●• 6. BÖLÜM •●
Dün gözlerim kanlanana dek ağlamış, hüznümü dışarı vurmuş; bugünse durulmuştum. Şiddetli bir fırtınanın ardından yatışan dalgalar misaliydim. İçim çıkarcasına ağlamıyor ya da durup dururken donuklaşmıyordum. Aksine fazla konuşkandım. Öyle ki, sınıfta sadece merhaba, merhaba gibi kısa diyaloglara girdiğim birkaç kızla sohbet etmiştim. Bu, insanlık için küçük; benim için büyük bir adımdı. Çıkardığım sonuç şuydu ki, içinde biriken fazlalıkları sevdiklerine dökmek iyiydi. Çünkü sevdiklerimiz, sığınabileceğimiz en güvenli limanlardı.
Düşüncelerim eşliğinde kendimi adımlarımın ritmine kaptırmışken, Ümit hocayı görüp duraksadım. Sevecenliğimi elimden geldiğince ortaya sererek gülümsedim. "Merhaba hocam."
"Merhaba Nazlı. Kolyen... Bakıyorum da bulmuşsun onu."
"Ah, evet." dedim mutlulukla. "Aslında ben bulmadım. Biri bulup getirdi, sağ olsun."
"Kaderin getirdi diyelim o zaman, ha?" Bu sorusu karşısında kısa bir donukluk yaşadım, sonra yalnızca başımı sallayabildim. "Çok sevindim Nazlı. Senin için kıymetli olduğu belliydi."
"Öyle. Gerçekten çok kıymetli."
Birlikte sessiz sedasız yürümeye devam ettik. Kampüsün en çok bu özelliğini seviyordum. Dakikalar boyu yürüyebileceğiniz kocaman bir bahçesi vardı. Etrafımızın yemyeşil ağaçlarla, rengârenk çiçeklerle kaplı olması cabasıydı. Yeşili seven biri olarak huzurlu hissetmemi sağlıyordu.
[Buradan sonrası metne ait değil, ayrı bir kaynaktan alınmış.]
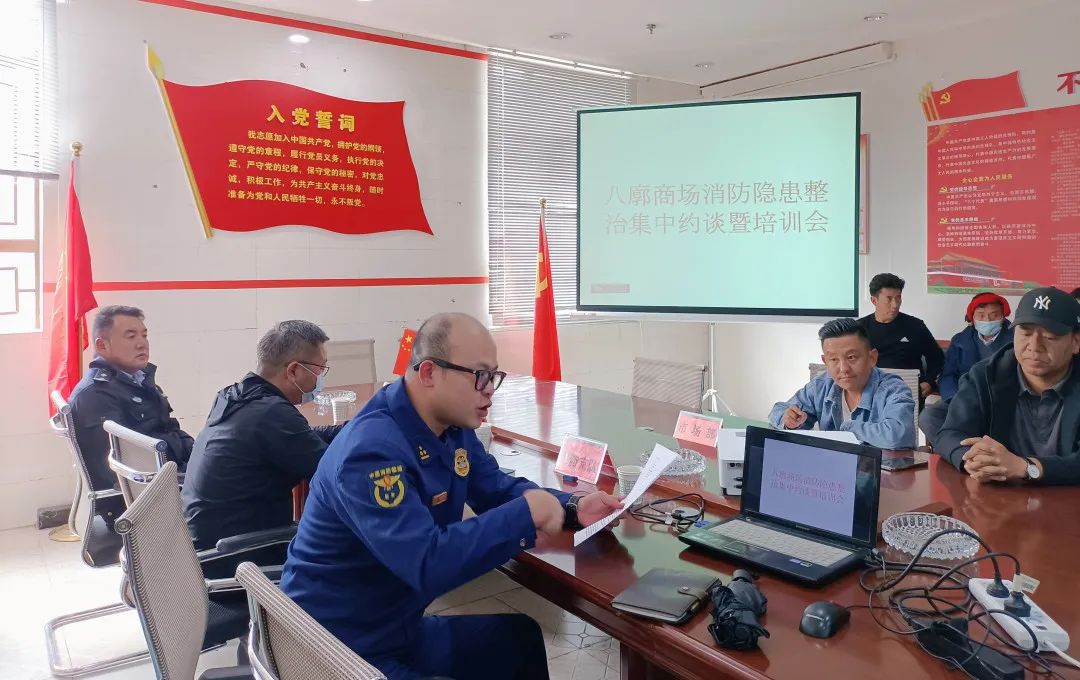 八廓商场地处拉萨八廓街商圈核心区域,是古城拉萨代表性特色旅游商品的集散地,设有经营摊位200多个,但铺与铺间几乎是“无缝连接”的,整个市场被各种式样密密麻麻的商品占满,普遍存在“占道经营”、堵塞疏散通道、楼梯间内堆放杂物等“老大难问题”,为全面整治梳理八廓商场消防通道,为“生命通道”护航,助力消防安全专项整治三年行动工作。9月15日下午,拉萨消防救援支队联合市商务局、市公安局召开八廓商场火灾隐患整治集中约谈会暨培训会,专门邀请拉萨电视台等新闻媒体跟踪报道,强化疏散通道集中整治,推动整改落实。八廓商场全体商铺负责人共计100余人参加会议。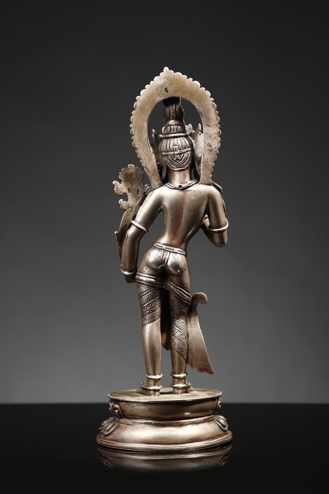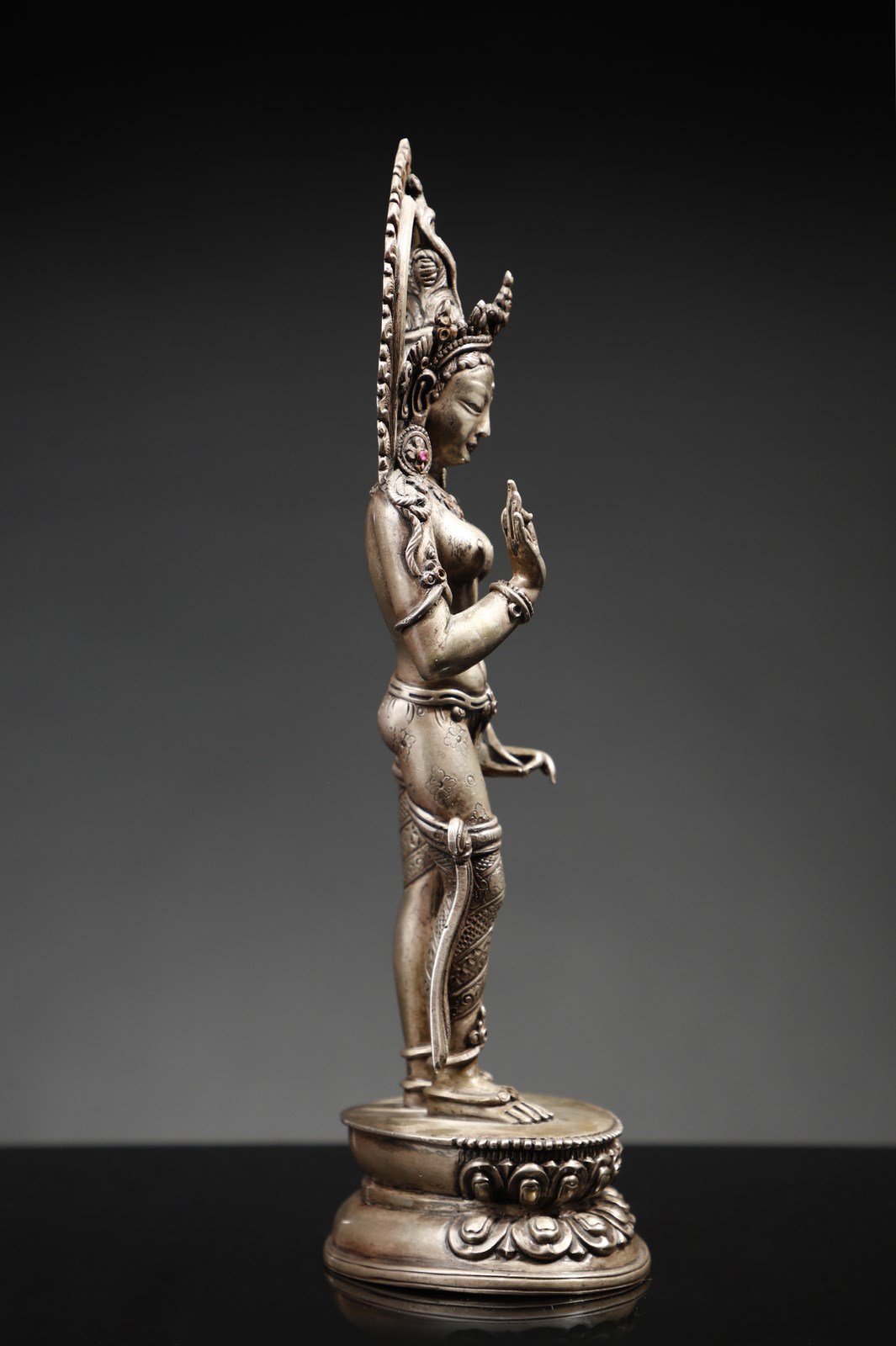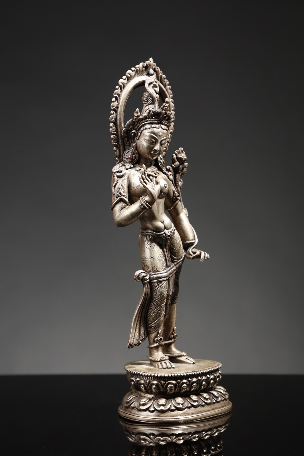 China, dinastia Qing . . Cm 9,00 x 24,50. Scultura in argento raffigurante Tara in piedi sopra un elaborato piedistallo a doppia corolla di loto, con nella mano sinistra il Padma, il tralcio fiorito di loto, simbolo di compassione nonchè suo specifico attributo.

"Seninle konuşmak istediğim bazı şeyler var Nazlı."
"Ne gibi şeyler hocam?"
"Tahmin edeceğin üzere, seninle ilgili şeyler." dediğinde gözlerimi devirmemek için kendimi tutuyordum. Bir edebiyatçıdan ziyade, psikoloğum gibi davranmıyor muydu? Sorun şuydu ki, herhangi bir psikologla görüşmenin heveslisi değildim. Bu düşüncelerime rağmen, "Sizi dinliyorum." dedim.
Derin bir nefes aldığında, merak etmeye başlamıştım. Neticede söylemek istediklerini bir anda söyleyen biriydi. Konuşmaya başlamadan önce zorlanıyormuş gibi derin bir nefes almaz ya da gözlerini kaçırmazdı.
"Hiçbir zaman basit bir öğretmen olmayı istemedim, Nazlı. Ben de diğerleri gibi sadece dersimi anlatıp, sizinle hiçbir şekilde ilgilenmeyebilirdim. Bu, benim elimde. Öyle değil mi?" Duraksadığında başımı sallayarak onayladım. "Ama dediğim gibi, amacım hiçbir zaman basit bir öğretmen olmak olmadı. İdolüm dediğim öğretmenlerim vardı, hep onlar gibi olmayı amaçladım. Çünkü ben de o öğretmenlerimden birisi sayesinde buralardayım. Sorunlarıma yardım elini uzatması sayesinde. Bu yüzden sizin sorunlarınız, sıkıntılarınızla ilgilenmeyi, sizler için yapacak bir şeyimin olup olmadığını irdelemeyi ve yardımcı olmayı seviyorum. Anlatabiliyorum, değil mi?"
Sözlerine silik bir nokta koyup gözlerini bana çevirdiğinde, başım önümdeydi. Ne demek istediğini anlamıştım.
"Takdir edersin ki, bu halin için üzülüyorum. Sakın bir şeyim yok deme, katiyen inanmam. Sadece şunu söyle. Seni yaralayan şey, aşk mı? Ya da daha koyu tabiriyle, kara sevda mı?"
En azından bu sorunun cevabını hak ettiğini düşündüm. "Evet."
"Yanılmadığımı biliyordum. Daha fazla irdelemeyeceğim, korkma. Ama bir de şunu söyle bakalım. Ben de bu taktiğimle çektiğin acının ne denli büyük olduğunu öğrenmiş olayım... Aşk nedir sence Nazlı?"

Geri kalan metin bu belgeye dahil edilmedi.